Per iniziare la quantificazione delle metriche delle goccioline lipidiche IMAT colorate, aprire Confocal Stacks in ImageJ. Aprire l'interfaccia utente di Threshold selezionando Image, quindi Adjust (Regola), quindi Threshold (Soglia). Nell'interfaccia utente, selezionare Intermodalità come tipo di soglia e verificare che sia selezionata l'opzione Sfondo scuro.
Quindi fare clic su Applica per eseguire un algoritmo di soglia. Eseguire l'algoritmo del bacino idrografico per separare le goccioline lipidiche che si toccano selezionando Elabora, quindi Binario e Bacino idrografico. Selezionare Sì in una finestra di dialogo per elaborare tutte le immagini nella pila in modo da aggiungere una sottile linea nera che divide aree più grandi di bianco pieno.
Per impostare le dimensioni massime e minime delle particelle, aprite l'immagine originale e delineate la gocciolina lipidica più piccola e più grande in vista utilizzando lo strumento Ovale. Quindi aggiungi queste forme a ROI Manager digitando T.Select Analizza, quindi Imposta misurazioni. Nella finestra di dialogo, selezionare le impostazioni, selezionare Solo area e fare clic su OK. Quindi seleziona Misura da Gestione ROI.
Utilizzare le due misure di area di questa finestra dei risultati come intervallo di dimensioni e analizzare le particelle. Identificare la regione di interesse, o ROI, con l'algoritmo di analisi delle particelle. Selezionare Analizza, quindi Analizza particelle.

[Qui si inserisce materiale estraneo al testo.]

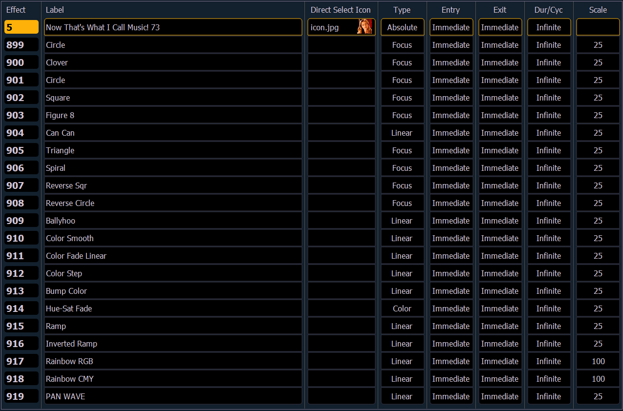 Notice that there are effects existing in this list prior to any being recorded. Effects 901-918 are pre-programmed Relative Effects that are automatically available.

Viene visualizzata una finestra di dialogo per impostare le impostazioni di selezione. Per generare le misurazioni del ROI, selezionare Analizza, quindi Imposta misurazioni e selezionare Area, Centroide, Adatta ellisse e Posizione pila. Fare clic su OK. Quindi seleziona Misura da Gestione ROI.
I dati nella tabella dei risultati possono essere selezionati e copiati in Excel per ulteriori analisi. Per una valutazione dettagliata delle metriche e della distribuzione delle singole goccioline lipidiche, le goccioline lipidiche marcate con fluorescenza BODIPY sono state sottoposte a imaging tramite microscopia confocale. La soglia e la segmentazione della forma hanno fornito un buon primo passaggio per generare ROI per ogni goccia lipidica.
Tuttavia, sono state necessarie modifiche manuali per correggere gli errori. Le goccioline lipidiche profonde, che apparivano deboli sull'immagine, possono essere aggiunte manualmente utilizzando lo strumento Ovale in ImageJ. Un gruppo di goccioline lipidiche erroneamente identificate come una singola ROI può anche essere corretto eliminando e sostituendo la ROI originale con più nuove ROI.
Laddove una singola gocciolina lipidica è stata identificata come un ROI unico in più fette, le ROI duplicate sono state consolidate in un'unica ROI.